In vivo, hepatocytes express both efflux and uptake transporters, and it is important to consider that the apparent uptake rate may be affected by efflux rate, especially because PIs are well documented to be substrates for efflux transporters (Srinivas et al., 1998). An increase in uptake rate in cell lines expressing both P-gp and uptake transporters has been observed using P-gp inhibitors (Jones et al., 2001; Su et al., 2004). In freshly isolated rat hepatocytes, expression of efflux transporters may be significantly lower than in vivo due to down-regulation and internalization of the apical membrane, and although P-gp has been detected on the hepatocyte apical membrane after isolation using immunohistochemical techniques, it is at a lower abundance than in vivo (Bow et al., 2008). Lam et al. (2006) have observed changes in uptake and clearance of erythromycin in rat hepatocytes following treatment with rifampin and GF120918, consistent with decreased and increased transporter activity (OATPs and P-gp), respectively.
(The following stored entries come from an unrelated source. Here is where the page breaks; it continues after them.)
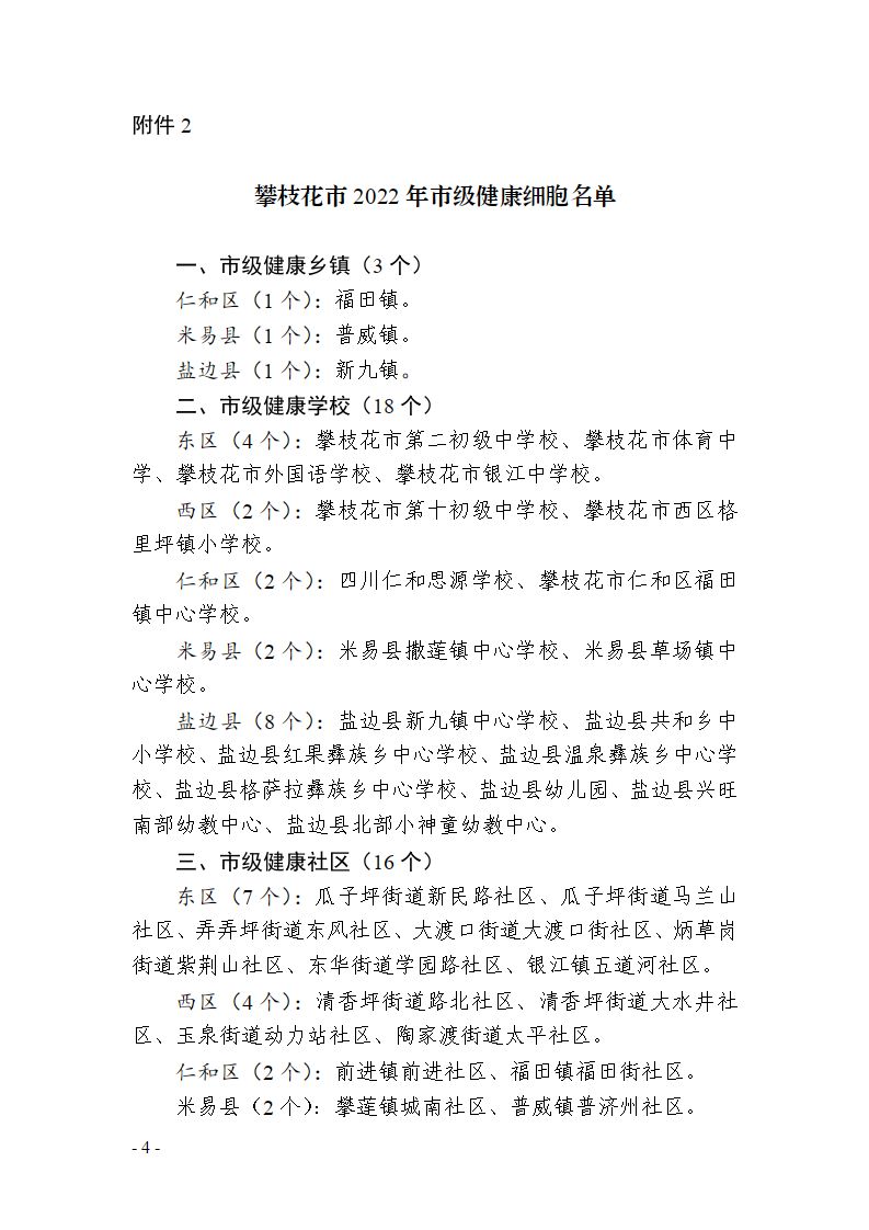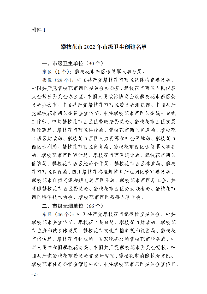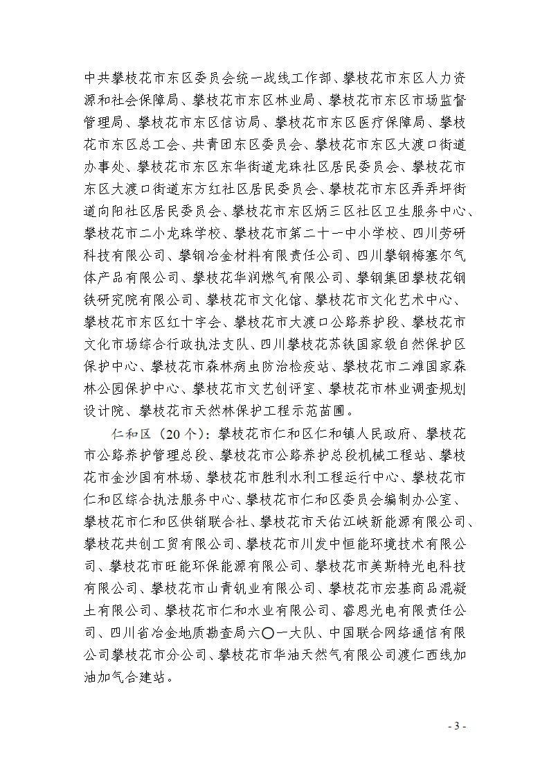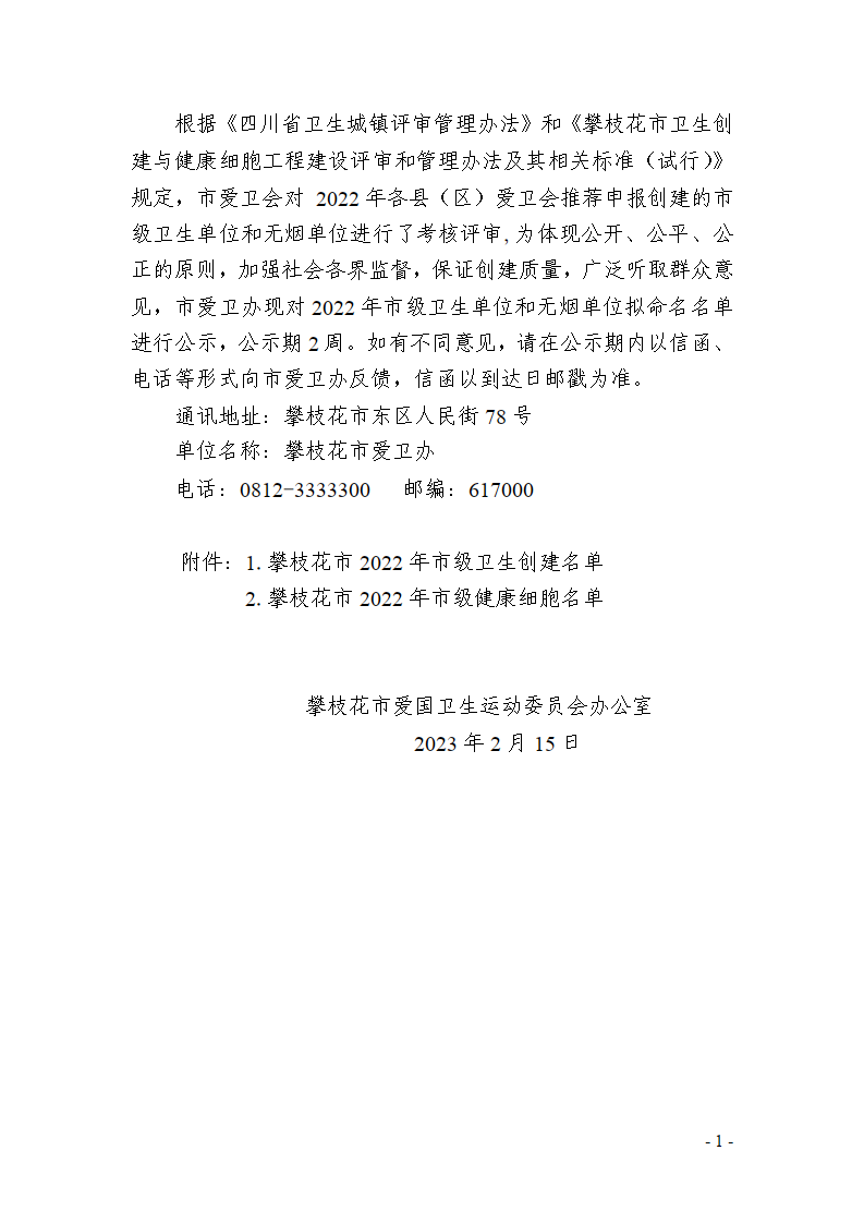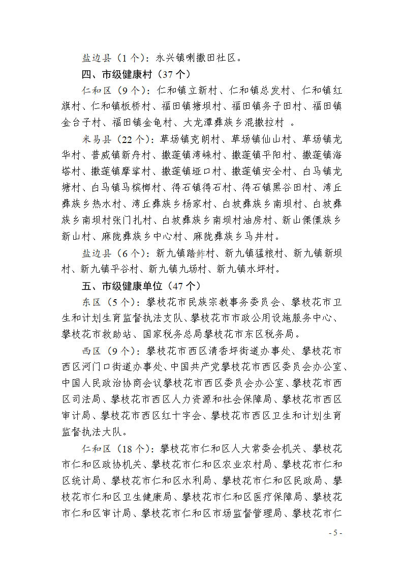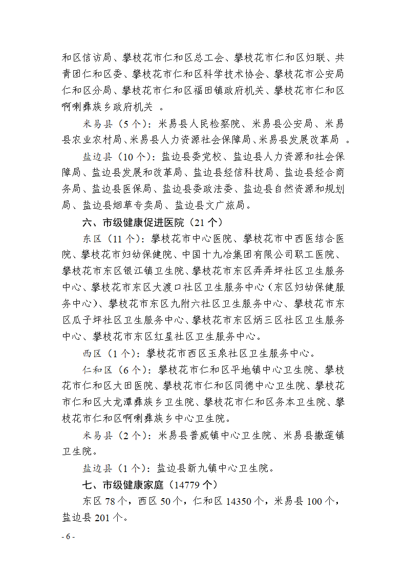 攀枝花市爱国卫生运动委员会办公室关于攀枝花市卫生创建和健康细胞建设名单的公示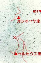 ![]() 残暑お見舞い申し上げます。 今年も流れ星がたくさん流れる時期になりました。 自然科学館にも毎日のように流れ星についての問い合わせの電話がかかってきます。 普段でも1時間に数個の割合で現れる流れ星。でも,8月12日〜13日には 「ペルセウス座流星群」の流れ星が多く見られます。 (この日しか見れないわけではありません。誤解のないように。) ペルセウス座の腕の部分(右の写真の×印)を中心として放射状に流れ星が飛び出てくるように見えるのでこの名前がついています。というわけで今回はペルセウス座の写真を掲載しました。小学校で習ったカシオペヤ座のすぐ下(東)にある星座です。(秋の星座解説は,またの機会に)流れ星を見るには双眼鏡も望遠鏡も必要ありません。シートでも敷いてごろんと横になり,空を見上げていればよいのです。 せっかくだから写真にとっておこうという方は長時間露出のできるカメラに高感度フィルム(ASA400〜800)を入れて空に向けておきましょう。ペルセウス座以外の場所に向けておいてもかまいません。レンズは明るめの焦点距離が短いレンズを使う方が確率が高くなります。かなり明るいものでないと映ってはくれませんがとにかく運が勝負。最後に,虫よけと防寒の対策もお忘れなく。 |
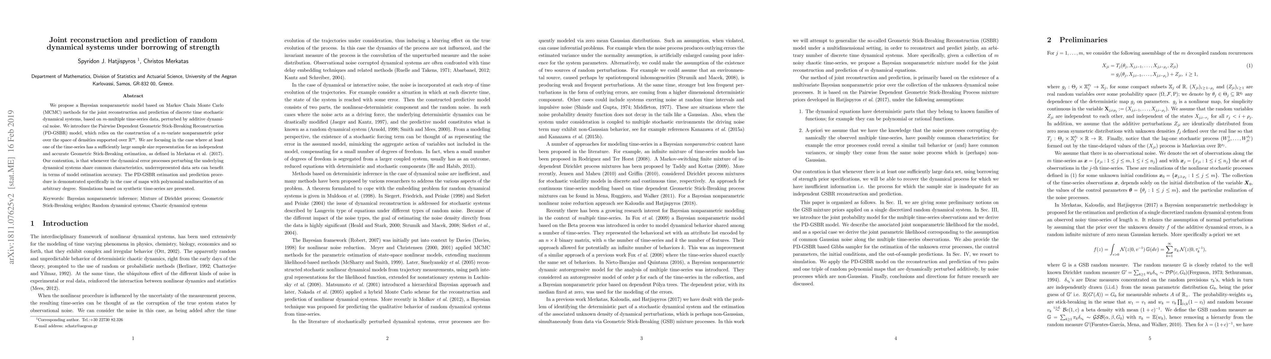 This paper proposes a Bayesian nonparametric model using MCMC for reconstructing and predicting stochastic dynamical systems from multiple time-series data, leveraging the borrowing of strength from a larger dataset to improve estimation accuracy for underrepresented datasets. The Pairwise Dependent Geometric Stick-Breaking Reconstruction (PD-GSBR) model is demonstrated on polynomial nonlinear maps.
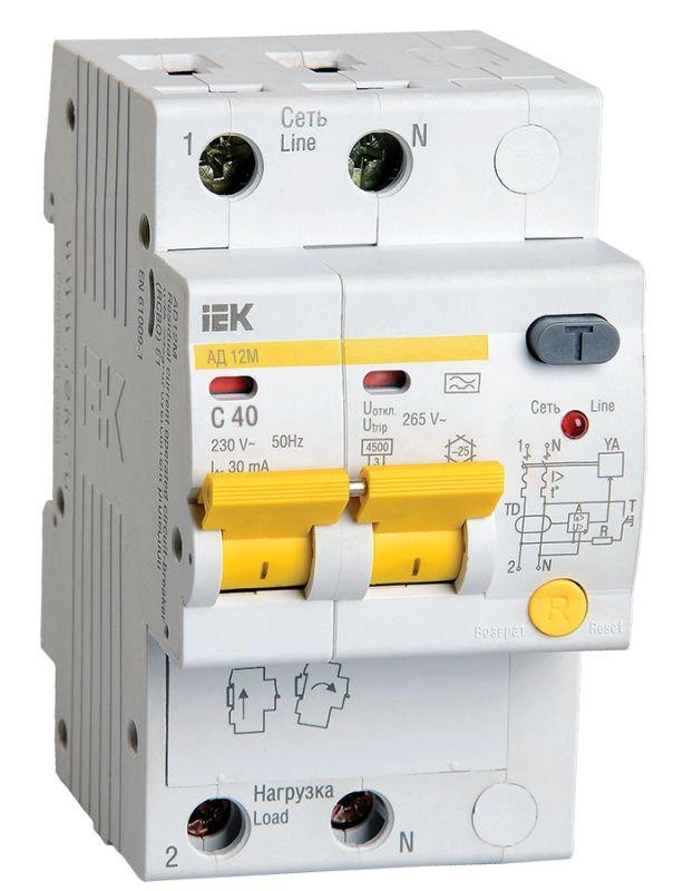 Полное описание: Выключатель автоматический дифференциального тока 2п C 40А 30мА тип A 4.5кА АД-12М IEK MAD12-2-040-C-030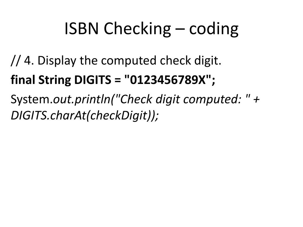 ISBN Checking – coding // 4. Display the computed check digit. final String DIGITS = "0123456789X"; System.out.println("Check digit computed: " + DIGITS.charAt(checkDigit));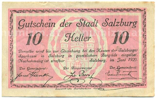 20.01.2025Интернет магазин «Нумизмат» предлагает приобрести 10 геллеров 1920 года Австрия — Зальцбург (Нотгельд).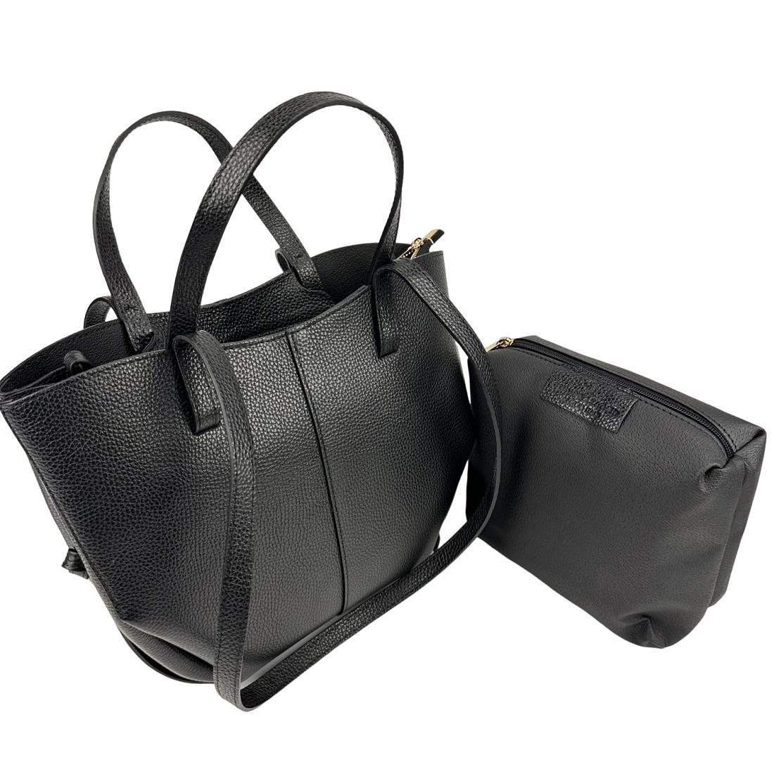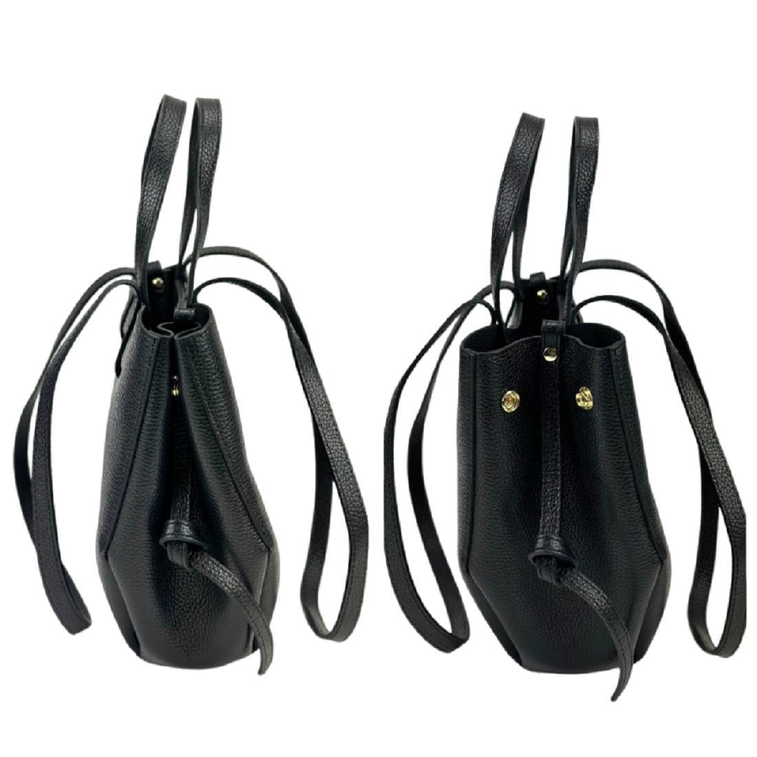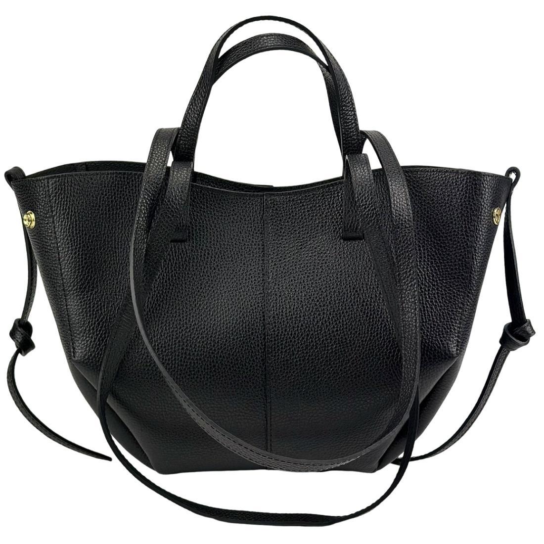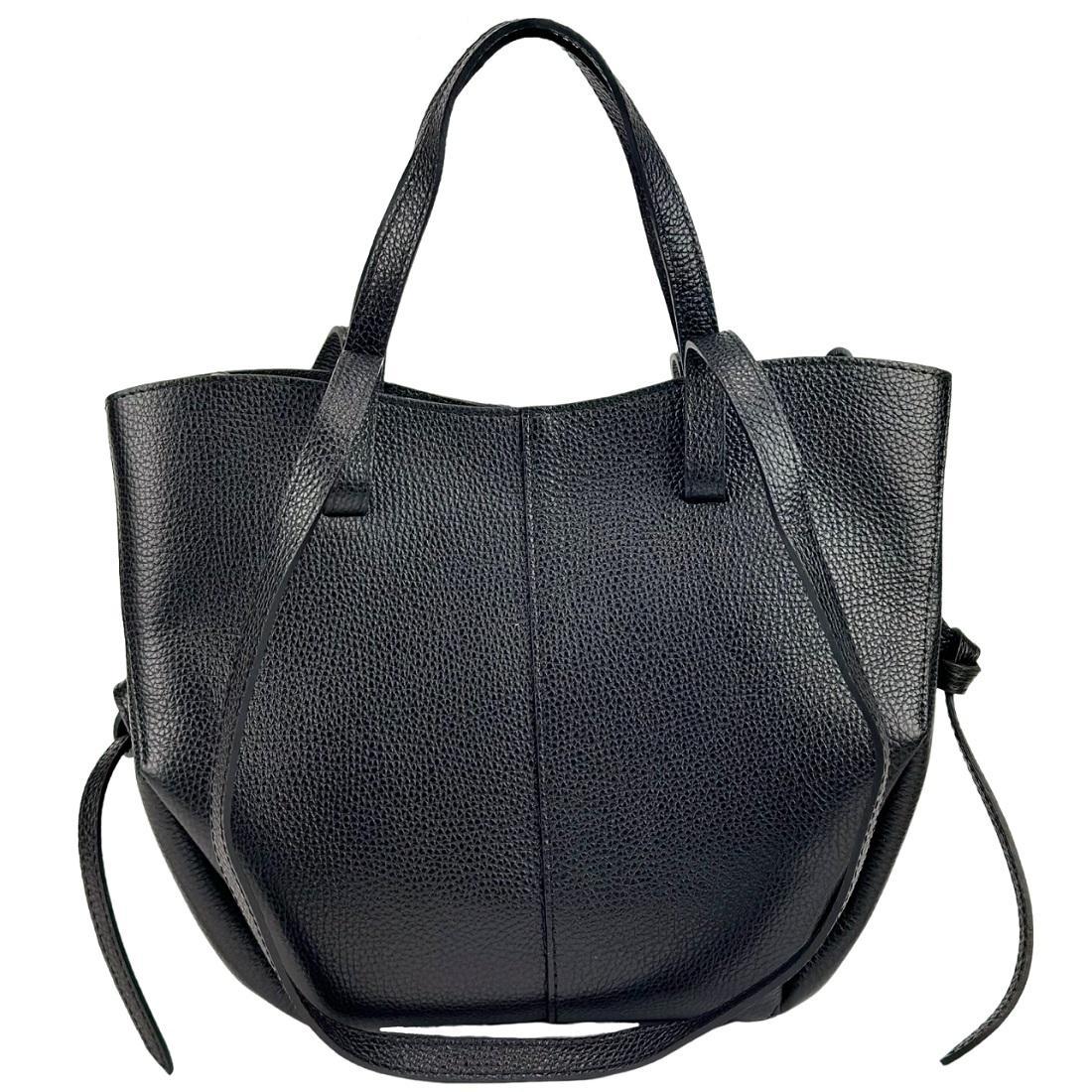 В сумке кожаные короткие ручки и длинные, для удобного ношения на плече.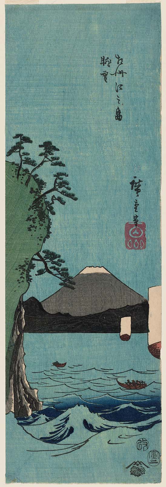 The second edition has the fan printed in red only. [Japanese Prints London]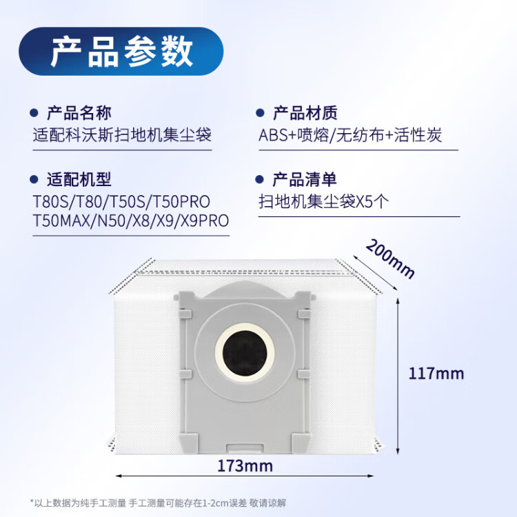 Shuangwei adapts to Ecovacs dust bag with T80S/T80/T50PRO/T50S/T50MAX/N50/X8/X9/X9PRO 5-pack KWS dust bag-T80

Although there is little published work on uptake of PIs in the rat, some studies have been carried out in various human systems. Saquinavir, nelfinavir, and ritonavir have all been shown to inhibit uptake of the OATP substrates estradiol 17β-glucuronide (Tirona et al., 2003) and fexofenadine (Dresser et al., 2002), suggesting that they may possibly be substrates. Saquinavir has also been confirmed to be a substrate for OATP-A (OATP 1A2/SLC21A3) in HepG2 cells and Xenopus oocytes, and K_m values determined were 94.6 and 36.4 μM, respectively (Su et al., 2004), which is consistent with this work, where a K_m > 28 μM was estimated.

In the rat, all three PIs studied are high-clearance drugs (Lin, 1997; Gao et al., 2002; Shibata et al., 2002b). Using the well stirred liver model, hepatic extraction ratios were predicted from microsomal and hepatocellular Cl_int and Perm values, and as shown in Table 5, high extraction ratios were obtained in all cases. Thus, it is difficult at this level of comparison to conclude which in vitro system provides the most accurate prediction. However, it is clear from the above discussion that microsomal Cl_int values are misleading in terms of the magnitude of the turnover of these PIs in vivo. Thus, although cellular uptake rate limits the metabolism of saquinavir, nelfinavir, and ritonavir within intact hepatocytes, this process is efficient and strongly indicates that the hepatic clearances for these PIs are all blood flow limited in the in vivo situation.